- [Exercise requirements]:
The lines below, from the one containing "totalmente en nuestro" through the one containing "2 E VERDIEPING", should be set down exactly, with no pictures and nothing else.
───── Material supplied ─────
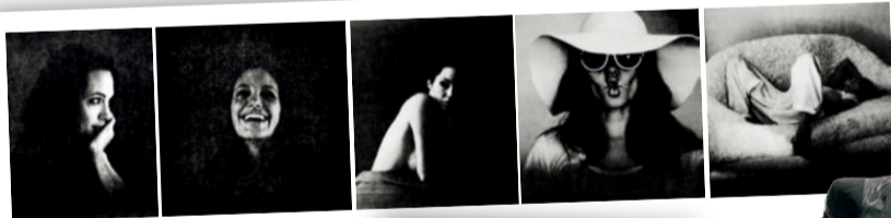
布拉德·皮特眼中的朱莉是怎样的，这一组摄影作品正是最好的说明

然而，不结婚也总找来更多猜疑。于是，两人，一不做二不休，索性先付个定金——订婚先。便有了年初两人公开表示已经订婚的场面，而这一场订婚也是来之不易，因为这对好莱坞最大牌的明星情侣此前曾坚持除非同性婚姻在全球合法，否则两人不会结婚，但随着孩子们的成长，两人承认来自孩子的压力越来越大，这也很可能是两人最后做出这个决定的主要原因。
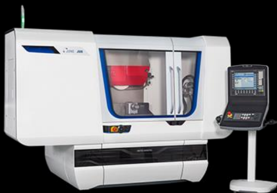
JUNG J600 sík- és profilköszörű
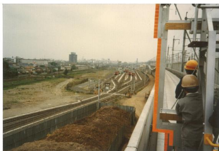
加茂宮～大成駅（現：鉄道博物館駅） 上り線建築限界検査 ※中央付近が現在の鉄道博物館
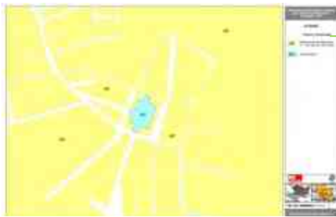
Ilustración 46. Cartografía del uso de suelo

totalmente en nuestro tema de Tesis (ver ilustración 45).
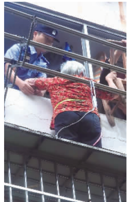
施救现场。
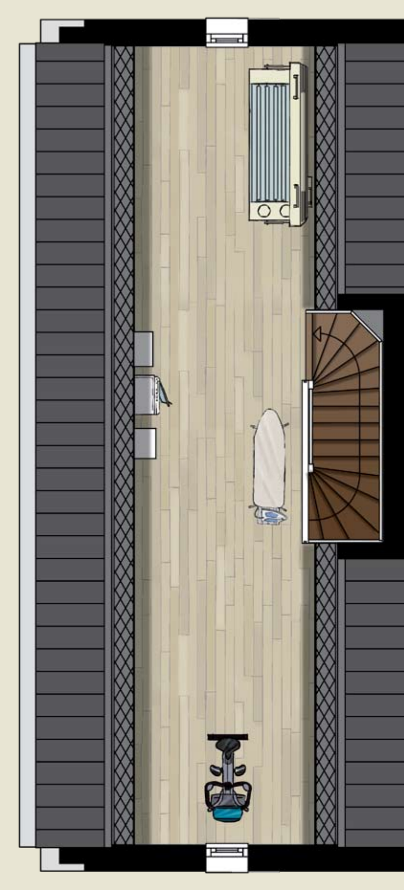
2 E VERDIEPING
─────
───── Material supplied ─────
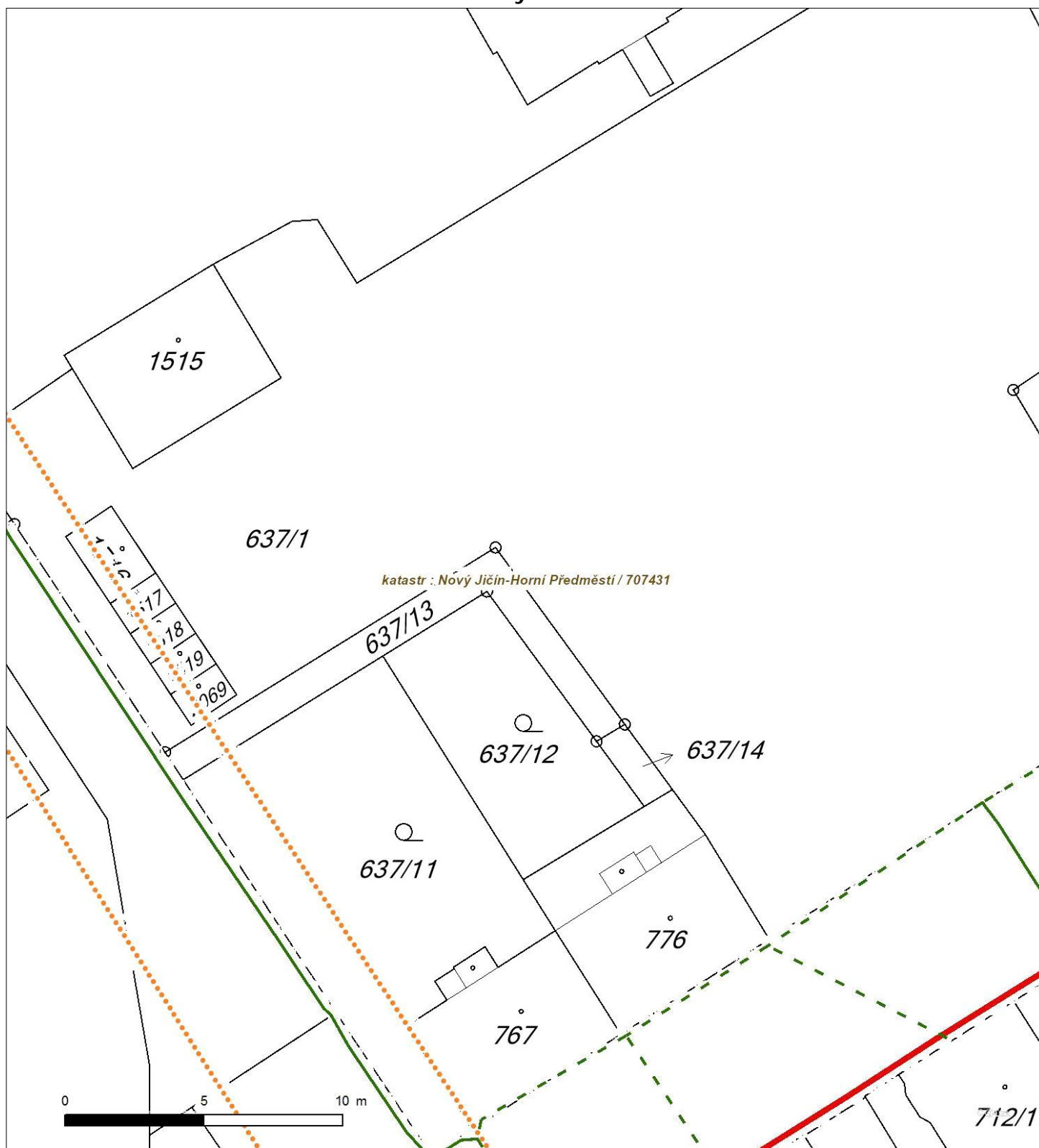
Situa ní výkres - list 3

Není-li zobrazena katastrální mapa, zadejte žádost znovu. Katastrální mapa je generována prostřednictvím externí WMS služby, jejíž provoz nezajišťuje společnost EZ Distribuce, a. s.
─────
───── Material supplied ─────
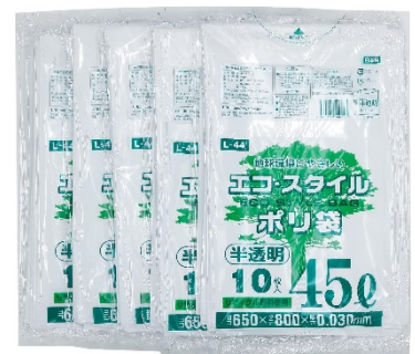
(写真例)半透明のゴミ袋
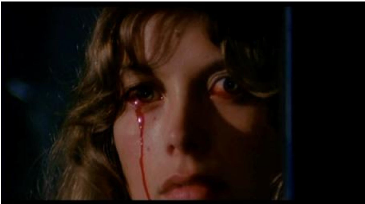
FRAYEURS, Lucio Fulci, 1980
─────
- [The completed task]:
totalmente en nuestro tema de Tesis (ver ilustración 45).
施救现场。
2 E VERDIEPING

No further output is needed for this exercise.